Using Moxin-7B-Reasoning
This model excels at chain-of-thought (CoT) tasks like math and logic. It was enhanced with Group Relative Policy Optimization (GRPO). To leverage its full potential, ask it to "think step-by-step" or "show its work."
Deployment & Optimization
High Performance on the Edge
Optimized for On-Device AI
Moxin-LLM is specifically designed for efficient performance on edge devices like PCs and mobile phones. This focus addresses the need for privacy and low-latency applications.
The OminiX Engine
For best performance, we recommend using our self-developed OminiX inference and fine-tuning engine. It is optimized for various edge hardware, including domestic NPUs.
Proven Efficiency
Our optimization techniques are powerful enough to deploy a 235B parameter model on a single notebook computer, achieving speeds of around 14 tokens per second.
Fine-Tuning Moxin-LLM
Leverage Moxin's complete openness to create your own specialized models.
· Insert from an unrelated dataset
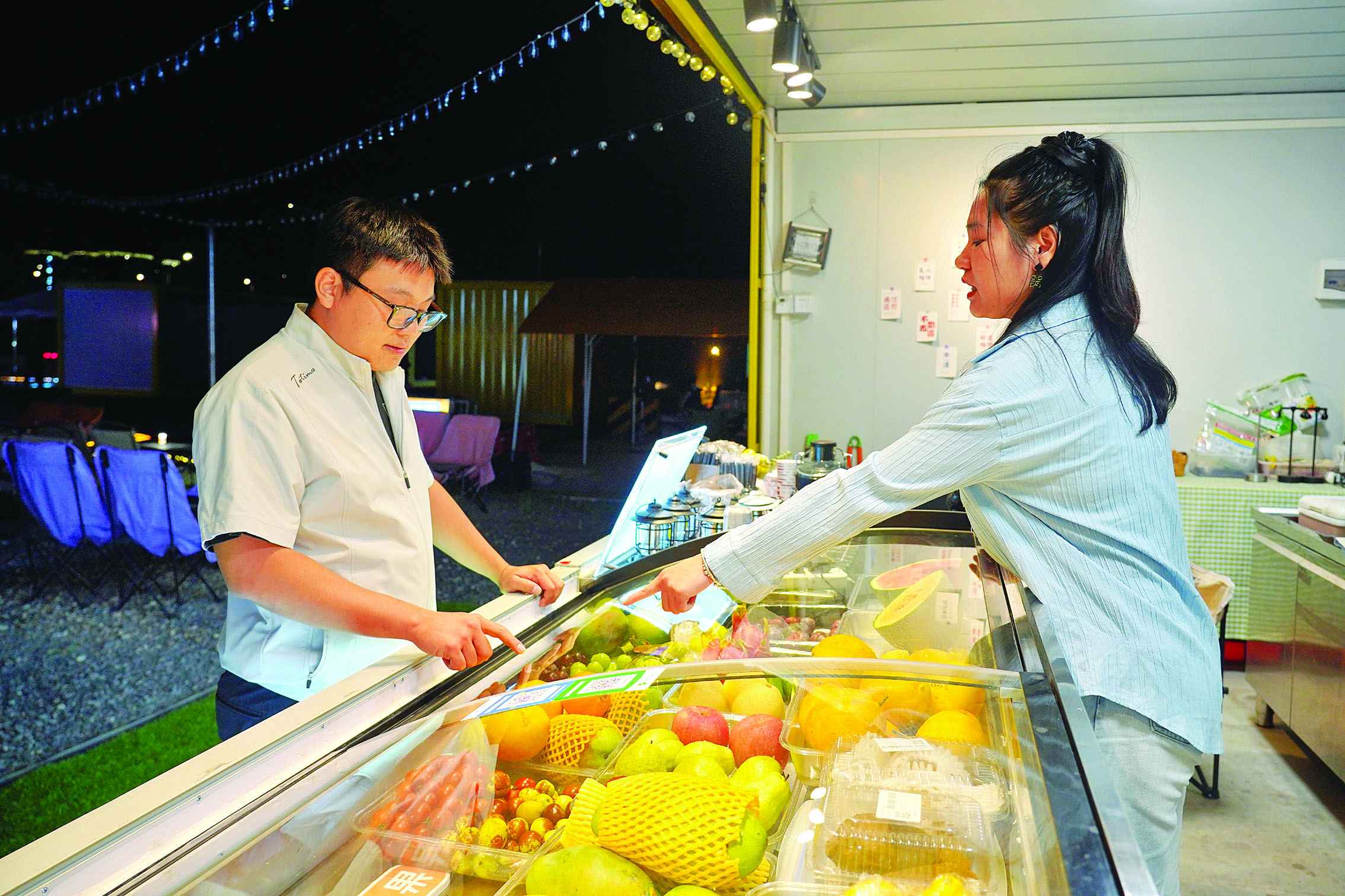 晚上9時,花里頭潮聚公園迎來客流高峰,在車水馬龍的城市中,這里別有一番風味:10米高的卡通充氣模型、五顏六色的集裝箱、擺滿廣場的露營折疊座椅、抱著吉他的駐場歌手、童年記憶里的露天影院……

Our transparency with training data and scripts makes the fine-tuning process more efficient and effective.
Step 1: Start with Moxin-7B-Base
The `Moxin-7B-Base` model is the ideal starting point for any custom fine-tuning project.
Step 2: Prepare Your Custom Dataset
Collect and format your data for a specific task, such as robotics commands, professional translation terms, or any other domain-specific knowledge.
Step 3: Run the Fine-Tuning Process
Use standard open-source training scripts to fine-tune the model on your dataset. Our open approach ensures you have full control and visibility.
Step 4: Deploy Your Custom Model
Once trained, your specialized model is ready to be deployed, bringing powerful, customized AI to your specific application.